Homeowners can choose which three days they water, but are prohibited from running sprinklers between the hours of 10 a.m. and 6 p.m. Denver Water officials said they hoped people would pay close attention to the weather this summer, using their sprinkler systems fewer than three days if Mother Nature has delivered a recent rainstorm in any given week.

"The purpose of this program is to encourage customers to maintain the good habits they have already learned," said Marie Bassett, Denver Water's director of public affairs. Denver's customers have reduced water use by about 20 percent since the drought struck in 2002.

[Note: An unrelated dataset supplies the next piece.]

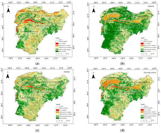 16]. The northern part of the Kundulun River–Daheihe River Area was mainly marked by relatively low volatility and medium volatility, while the northern part of Morin River–Wuding River Area had low volatility (as this area is a desert zone) [
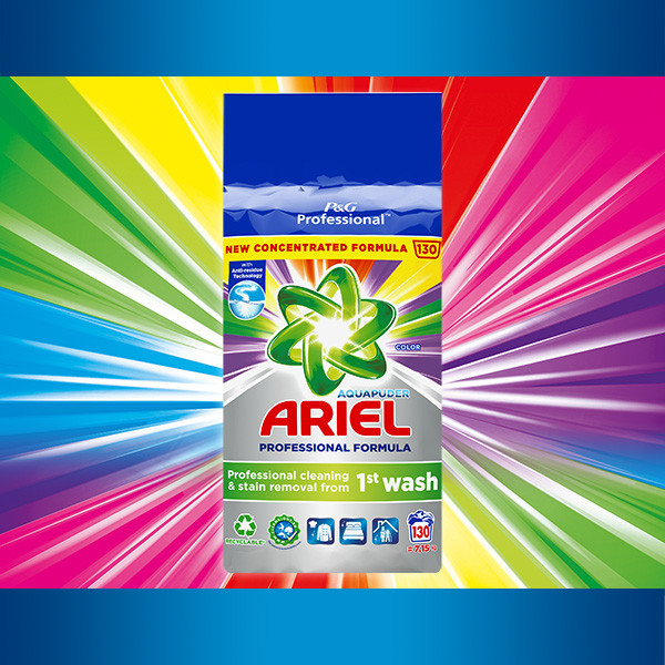 Az Ariel Professional mosópor fehér ruházatra, professzionális felhasználásra lett kifejlesztve. Tökéletesen tisztít és eltávolítja a professzionális létesítményekben előforduló foltokat. Úgy tervezték, hogy az első mosás során kiváló eredményeket érjen el áztatás vagy előmosás nélkül. Több mosás után is megőrzi a ruhák fehérségét és kellemes, friss illatot biztosít. Hatékony már 20°C -os mosásnál is. Foszfátmentes.

The 2006 program takes effect May 1.

Denver, like other communities, is benefiting from a year in which deep mountain snows have been plentiful and the spring snowmelt is likely to fill its system. Snowpack accounts for roughly 85 percent of Colorado's annual drinking water supplies.

Denver's water storage system is about 82 percent full, even before runoff hits its peak later this spring. Lake Dillon, the agency's largest storage pond, is so full already that Denver is considering letting some of its waters spill into the Blue River to help manage any potential flood flows that may come later.

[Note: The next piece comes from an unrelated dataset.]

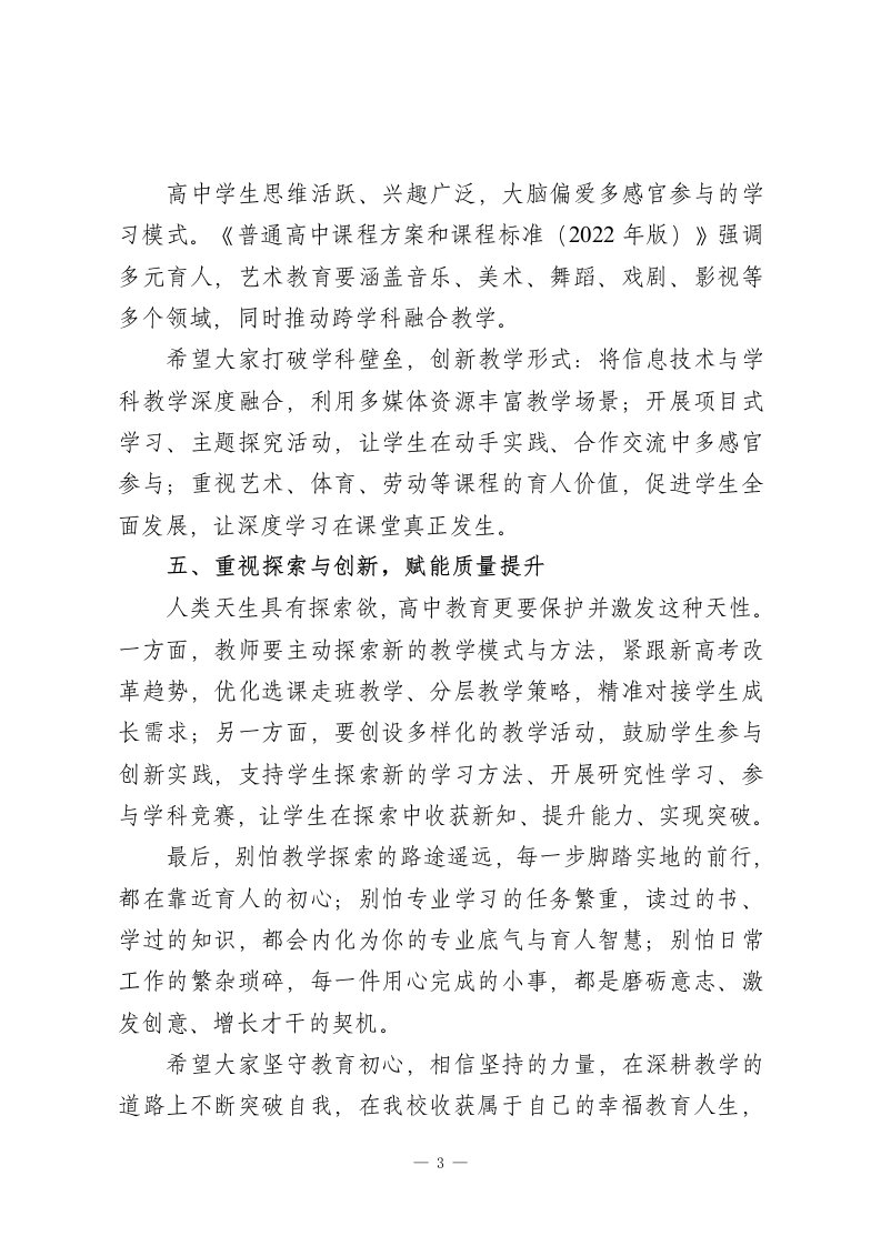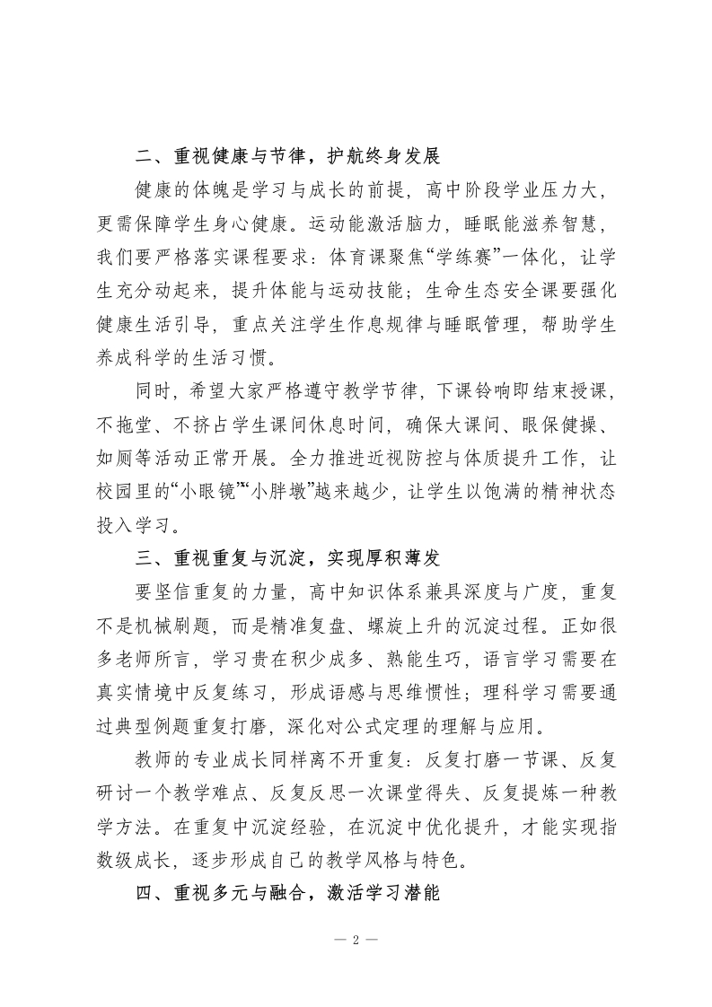 XX高中教学工作总结会校长讲话:守正创新育新苗深耕教学攀新高各位老师:大家好!“诗文随世运,无日不趋新”,教育教学更需紧跟时代步伐、回应改革要求。今天参加教学节总结会,我深感欣慰与感动:青年教师潜心钻研,历经5次、7次磨课打磨精品课堂;老教师甘当人梯,带着年轻教师听课研讨、传经送宝。大家的发言紧扣《普通高中课程方案和课程标准(2022年版)》的新理念、新要求,展现了我校教师深耕教学的责任与担当。结合高中教育特点与新高考改革方向,我想提醒大家重视五个方面,与各位共勉:一、重视素养与习惯,筑牢成长根基《普通高中课程方案和课程标准(2022年版)》明确提出,要有机融入社会主义先进文化、革命文化和中华优秀传统文化,培养“有理想、有本领、有担当”的时代新人,强化课程思想性。高中阶段是学生价值观定型与核心素养培育的关键期,我们既要抓知识传授,更要抓习惯养成与品德塑造。课堂上,要注重培养学生专注听讲、规范表达、合作探究的学习习惯;日常教学中,要引导学生养成自主规划、及时复盘、严谨治学的思维习惯。德行是个人发展的根本,只有筑牢品德根基,学生的智力发展、能力提升才能行稳致远。希望大家始终坚守立德树人初心,将德育融入教学全过程,为学生成长把好方向。1

"Now we need to take the long view," said Denver Water Board Commissioner Tom Gougeon. "With the return of normal circumstances we have to keep moving the baseline on how efficient we can be."

Conservation groups and others have long chided Denver for not being more aggressive with water conservation programs.

But Bart Miller, an analyst with Western Resource Advocates, a Boulder-based environmental think tank, lauded the giant utility Wednesday.

"It shows an active effort by the (Denver Water Board) to continue the conservation savings they're already beginning to see," Miller said.

Denver's announcement comes as other cities are evaluating their water supplies as well.

Aurora will decide April 17 whether to approve a three-day-per-week watering plan, as its utility staff is recommending. But dozens of other communities, happy with heavy mountain snows and the prospect of a healthy spring runoff, don't plan to limit outdoor water use this summer.

"We don't anticipate any restrictions," said Steve Berry, spokesman for Colorado Springs Utilities.

Still, conservationists and others urge caution when it comes to water use.

Though mountain snowpacks are deep in Denver's watersheds, statewide snowpack failed to reach average this year, measuring just 94 percent of average April 1.

Except for last year, statewide snowpacks have lagged below average since 1999, according to the Natural Resources Conservation Service.